(Dataset extract Opens)
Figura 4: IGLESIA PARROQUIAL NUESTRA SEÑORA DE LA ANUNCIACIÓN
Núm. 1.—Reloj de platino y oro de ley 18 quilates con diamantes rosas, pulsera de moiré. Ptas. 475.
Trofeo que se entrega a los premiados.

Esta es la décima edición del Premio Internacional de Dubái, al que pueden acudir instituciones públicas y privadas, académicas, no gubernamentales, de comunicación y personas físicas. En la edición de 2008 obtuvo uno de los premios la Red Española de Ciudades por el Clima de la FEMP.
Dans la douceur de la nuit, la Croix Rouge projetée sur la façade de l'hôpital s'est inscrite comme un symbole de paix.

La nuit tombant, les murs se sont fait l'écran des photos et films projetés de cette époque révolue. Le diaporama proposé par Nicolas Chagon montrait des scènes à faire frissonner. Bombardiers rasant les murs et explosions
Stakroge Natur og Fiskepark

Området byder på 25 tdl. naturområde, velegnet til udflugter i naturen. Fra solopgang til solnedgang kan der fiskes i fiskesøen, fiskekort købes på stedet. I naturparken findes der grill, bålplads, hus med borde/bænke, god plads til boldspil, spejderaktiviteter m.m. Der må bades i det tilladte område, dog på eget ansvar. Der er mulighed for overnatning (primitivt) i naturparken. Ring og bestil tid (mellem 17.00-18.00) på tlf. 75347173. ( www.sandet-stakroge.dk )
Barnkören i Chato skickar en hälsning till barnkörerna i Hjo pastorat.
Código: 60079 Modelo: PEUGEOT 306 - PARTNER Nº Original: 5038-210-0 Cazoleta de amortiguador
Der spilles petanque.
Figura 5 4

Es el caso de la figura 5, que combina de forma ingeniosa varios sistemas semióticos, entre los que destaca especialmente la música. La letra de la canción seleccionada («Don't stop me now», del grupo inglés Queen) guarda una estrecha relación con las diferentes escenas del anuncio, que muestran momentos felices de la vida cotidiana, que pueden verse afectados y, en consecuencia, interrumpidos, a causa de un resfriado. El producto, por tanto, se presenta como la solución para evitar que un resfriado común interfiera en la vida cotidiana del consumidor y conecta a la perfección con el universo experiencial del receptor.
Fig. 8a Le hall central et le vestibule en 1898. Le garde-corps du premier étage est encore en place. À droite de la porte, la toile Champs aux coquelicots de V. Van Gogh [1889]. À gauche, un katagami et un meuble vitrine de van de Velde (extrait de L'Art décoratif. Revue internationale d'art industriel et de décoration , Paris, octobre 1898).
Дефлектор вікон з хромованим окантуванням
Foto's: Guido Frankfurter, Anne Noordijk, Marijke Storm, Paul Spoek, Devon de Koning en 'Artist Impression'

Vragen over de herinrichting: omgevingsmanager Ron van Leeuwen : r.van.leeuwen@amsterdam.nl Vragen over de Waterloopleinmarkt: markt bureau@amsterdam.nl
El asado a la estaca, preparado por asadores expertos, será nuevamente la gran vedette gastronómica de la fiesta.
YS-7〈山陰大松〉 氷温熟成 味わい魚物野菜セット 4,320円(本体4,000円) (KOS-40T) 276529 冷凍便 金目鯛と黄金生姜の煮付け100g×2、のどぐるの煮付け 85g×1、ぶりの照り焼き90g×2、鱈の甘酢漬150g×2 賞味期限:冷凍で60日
(Dataset extract Closes)
*Work instructions*: Copy down the complete data exactly as supplied.

*Response to this task*:
Figura 4: IGLESIA PARROQUIAL NUESTRA SEÑORA DE LA ANUNCIACIÓN
Núm. 1.—Reloj de platino y oro de ley 18 quilates con diamantes rosas, pulsera de moiré. Ptas. 475.
Trofeo que se entrega a los premiados.

Esta es la décima edición del Premio Internacional de Dubái, al que pueden acudir instituciones públicas y privadas, académicas, no gubernamentales, de comunicación y personas físicas. En la edición de 2008 obtuvo uno de los premios la Red Española de Ciudades por el Clima de la FEMP.
Dans la douceur de la nuit, la Croix Rouge projetée sur la façade de l'hôpital s'est inscrite comme un symbole de paix.

La nuit tombant, les murs se sont fait l'écran des photos et films projetés de cette époque révolue. Le diaporama proposé par Nicolas Chagon montrait des scènes à faire frissonner. Bombardiers rasant les murs et explosions
Stakroge Natur og Fiskepark

Området byder på 25 tdl. naturområde, velegnet til udflugter i naturen. Fra solopgang til solnedgang kan der fiskes i fiskesøen, fiskekort købes på stedet. I naturparken findes der grill, bålplads, hus med borde/bænke, god plads til boldspil, spejderaktiviteter m.m. Der må bades i det tilladte område, dog på eget ansvar. Der er mulighed for overnatning (primitivt) i naturparken. Ring og bestil tid (mellem 17.00-18.00) på tlf. 75347173. ( www.sandet-stakroge.dk )
Barnkören i Chato skickar en hälsning till barnkörerna i Hjo pastorat.
Código: 60079 Modelo: PEUGEOT 306 - PARTNER Nº Original: 5038-210-0 Cazoleta de amortiguador
Der spilles petanque.
Figura 5 4

Es el caso de la figura 5, que combina de forma ingeniosa varios sistemas semióticos, entre los que destaca especialmente la música. La letra de la canción seleccionada («Don't stop me now», del grupo inglés Queen) guarda una estrecha relación con las diferentes escenas del anuncio, que muestran momentos felices de la vida cotidiana, que pueden verse afectados y, en consecuencia, interrumpidos, a causa de un resfriado. El producto, por tanto, se presenta como la solución para evitar que un resfriado común interfiera en la vida cotidiana del consumidor y conecta a la perfección con el universo experiencial del receptor.
Fig. 8a Le hall central et le vestibule en 1898. Le garde-corps du premier étage est encore en place. À droite de la porte, la toile Champs aux coquelicots de V. Van Gogh [1889]. À gauche, un katagami et un meuble vitrine de van de Velde (extrait de L'Art décoratif. Revue internationale d'art industriel et de décoration , Paris, octobre 1898).
Дефлектор вікон з хромованим окантуванням
Foto's: Guido Frankfurter, Anne Noordijk, Marijke Storm, Paul Spoek, Devon de Koning en 'Artist Impression'

Vragen over de herinrichting: omgevingsmanager Ron van Leeuwen : r.van.leeuwen@amsterdam.nl Vragen over de Waterloopleinmarkt: markt bureau@amsterdam.nl
El asado a la estaca, preparado por asadores expertos, será nuevamente la gran vedette gastronómica de la fiesta.
YS-7〈山陰大松〉 氷温熟成 味わい魚物野菜セット 4,320円(本体4,000円) (KOS-40T) 276529 冷凍便 金目鯛と黄金生姜の煮付け100g×2、のどぐるの煮付け 85g×1、ぶりの照り焼き90g×2、鱈の甘酢漬150g×2 賞味期限:冷凍で60日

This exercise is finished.